By Manaswita Ghosh Dutta

Edited by Vanessa Kintu


Three oil pumps over blue background with double exposure of falling blurry digital graphs. Concept of oil market crisis. 3d rendering toned image
Oil stocks to watch: Will oil prices remain inflated? Source:Shutterstock

Global macroeconomic factors pushed the prices of Brent crude to $130 a barrel on Monday, reaching a peak of $139.13 at one point overnight. The surge marked the highest point of Brent crude prices since July 2008.

The US oil benchmark West Texas Intermediate (WTI) crude futures increased to $130.50 at one point on the evening of 6 March, marking its highest since July 2008. WTI futures hovered around $116 a barrel at around 9:20am ET on 6 March.

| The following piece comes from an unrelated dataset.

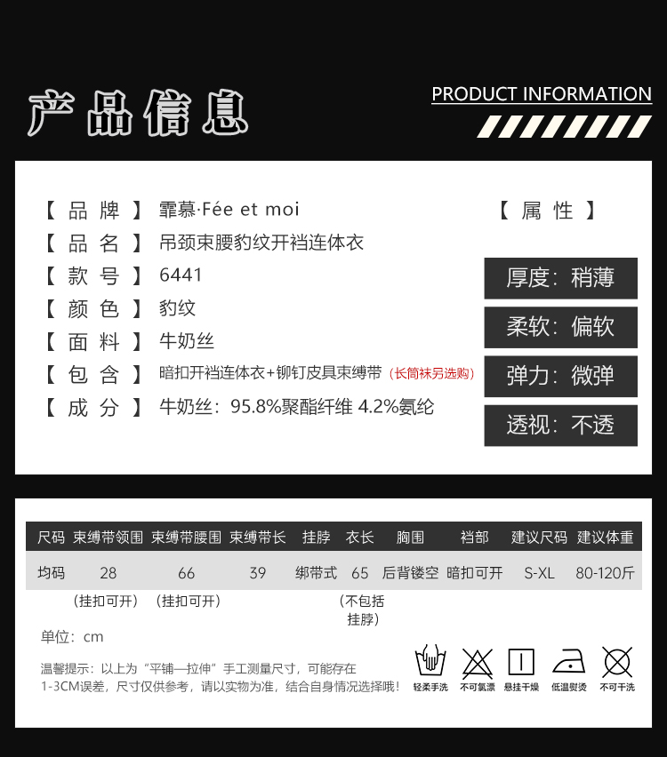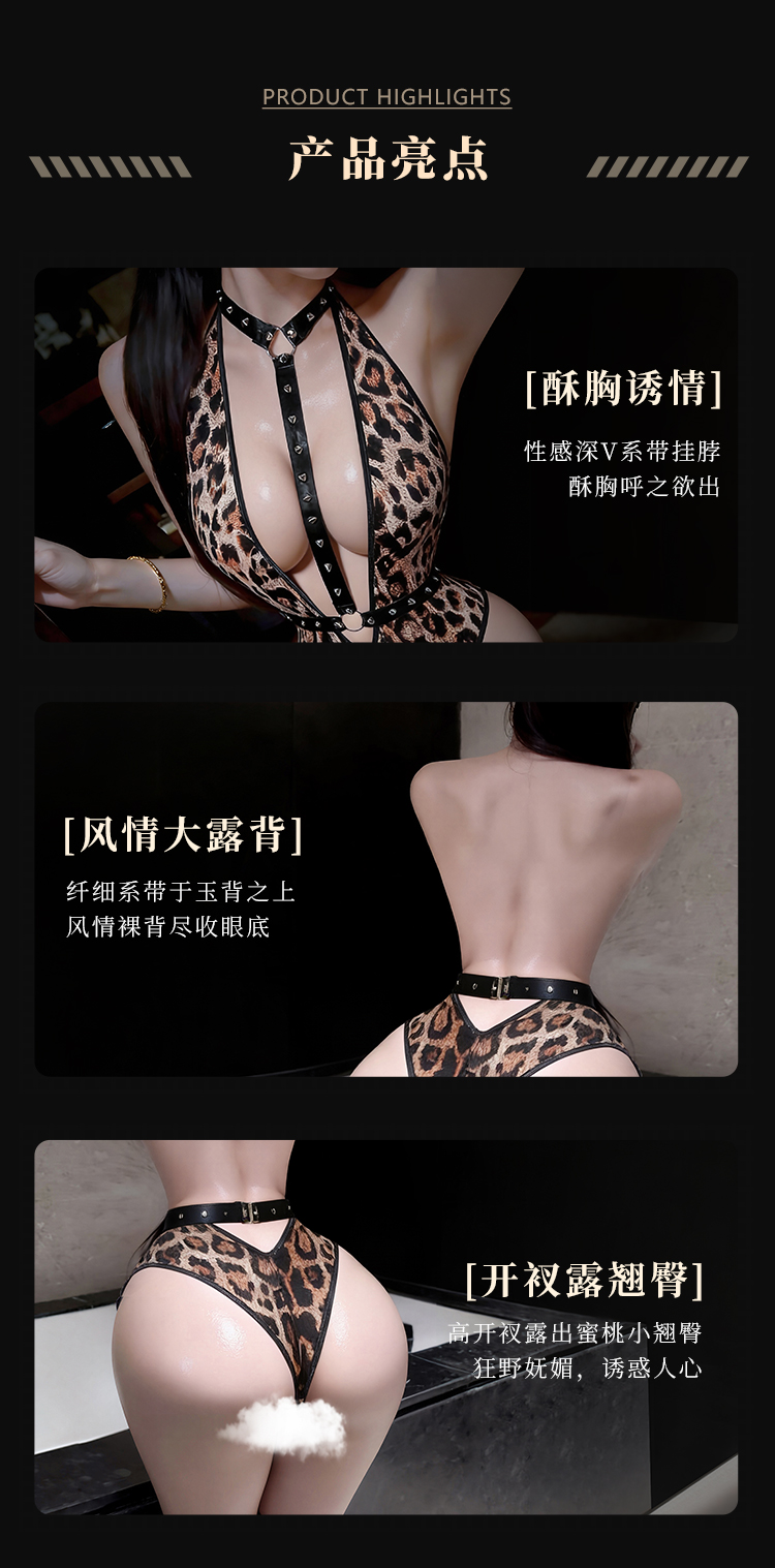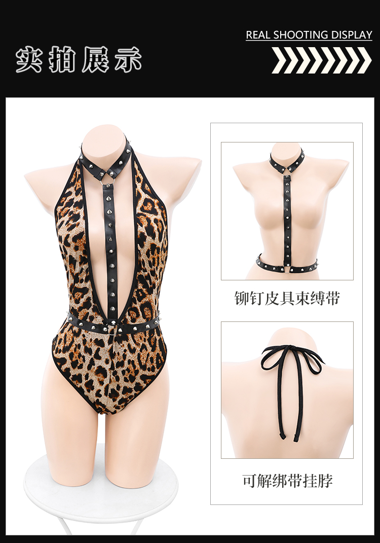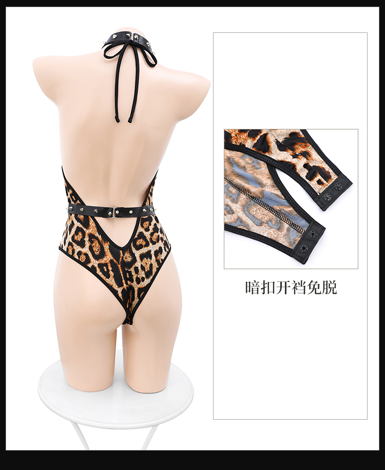 霏慕 吊颈束腰豹纹开裆连体衣6441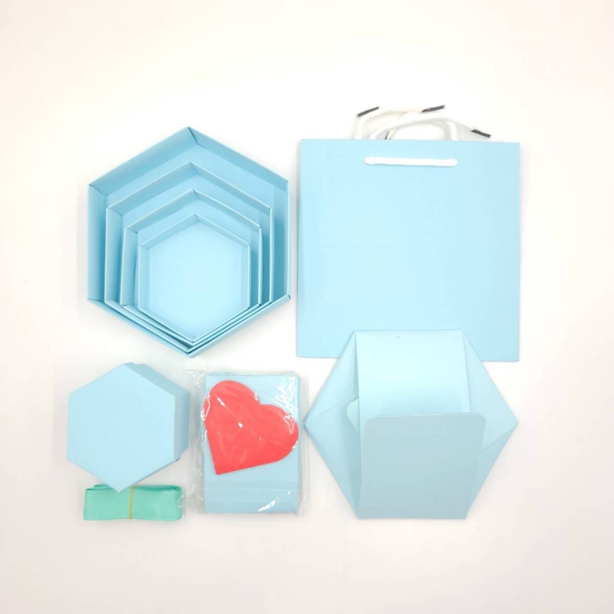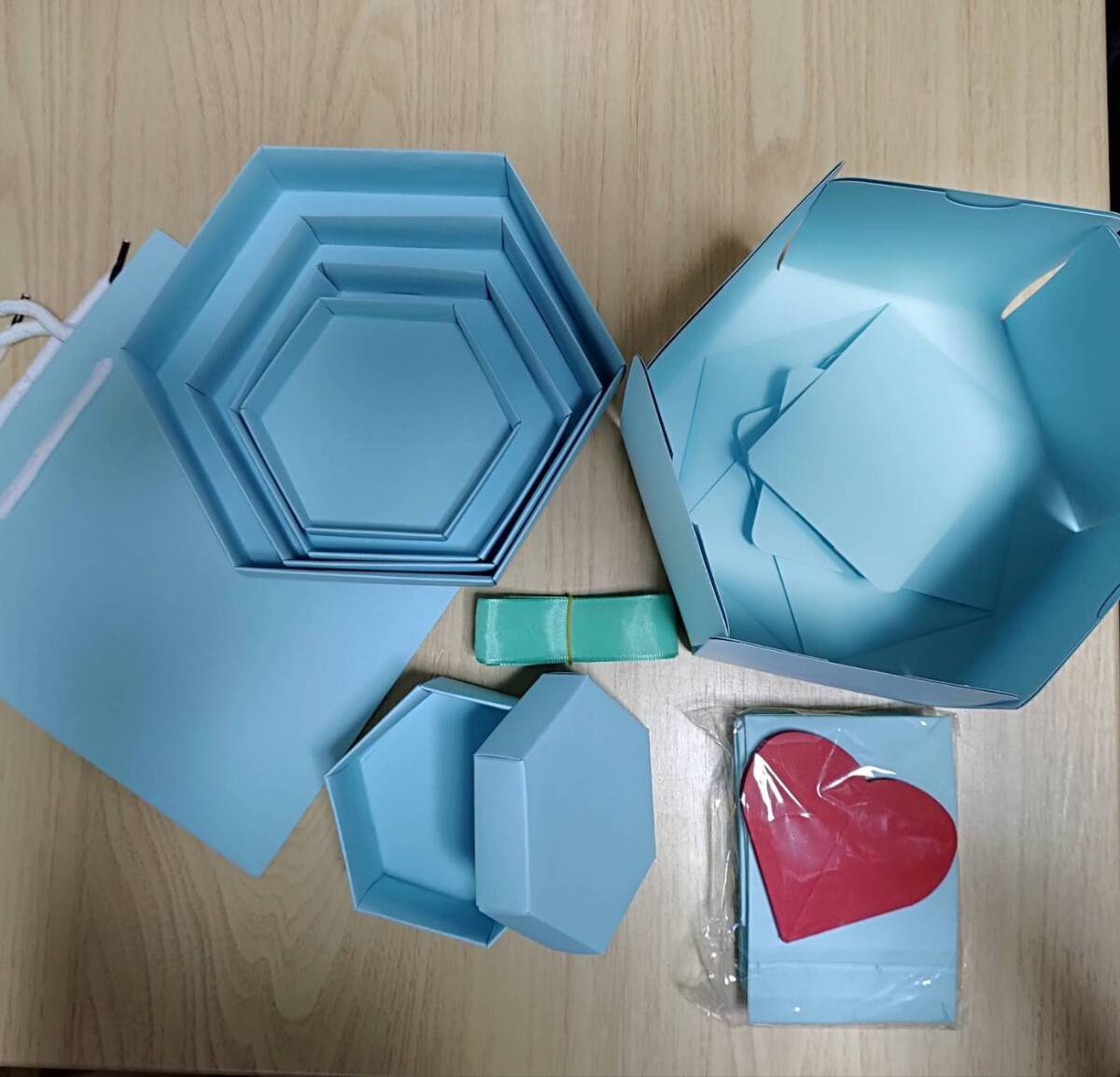 箱の外側から見ると六角形のギフトボックスのように見えますが、重ねて開くと目の前に花が咲くように見えます♪

The surge was led by the ongoing conflict between Ukraine and Russia, tough sanctions by the US, EU and several other countries on Russia for its military actions in Ukraine, the potential ban of Russian oil from global markets, and a delay in talks of the possibility of Irainial oil entering international energy markets.

What factors are affecting oil prices right now?

There are three major factors affecting oil prices at present. 

First, the ongoing war between Russia and Ukraine that created economic uncertainty and volatility. Russia is the world’s second biggest producer of crude oil after Saudi Arabia and a supplier of a third of Europe’s energy needs. 

Second, the possibility of the US and EU banning the import of Russian oil. US Secretary of State Antony Blinken said on 6 March that the US was in discussions with its European allies to ban Russian crude imports while “maintaining a steady global supply of oil”, according to an interview of Blinken on NBC’s Meet the Press show.

Third, and finally, oil prices were pushed by the delays in the potential revival of Iranian crude to global markets. This revival will be marked by the resumption of Iran’s 2015 nuclear deal with world powers, specifically the P5+1, the US, UK, France, China, Russia and Germany.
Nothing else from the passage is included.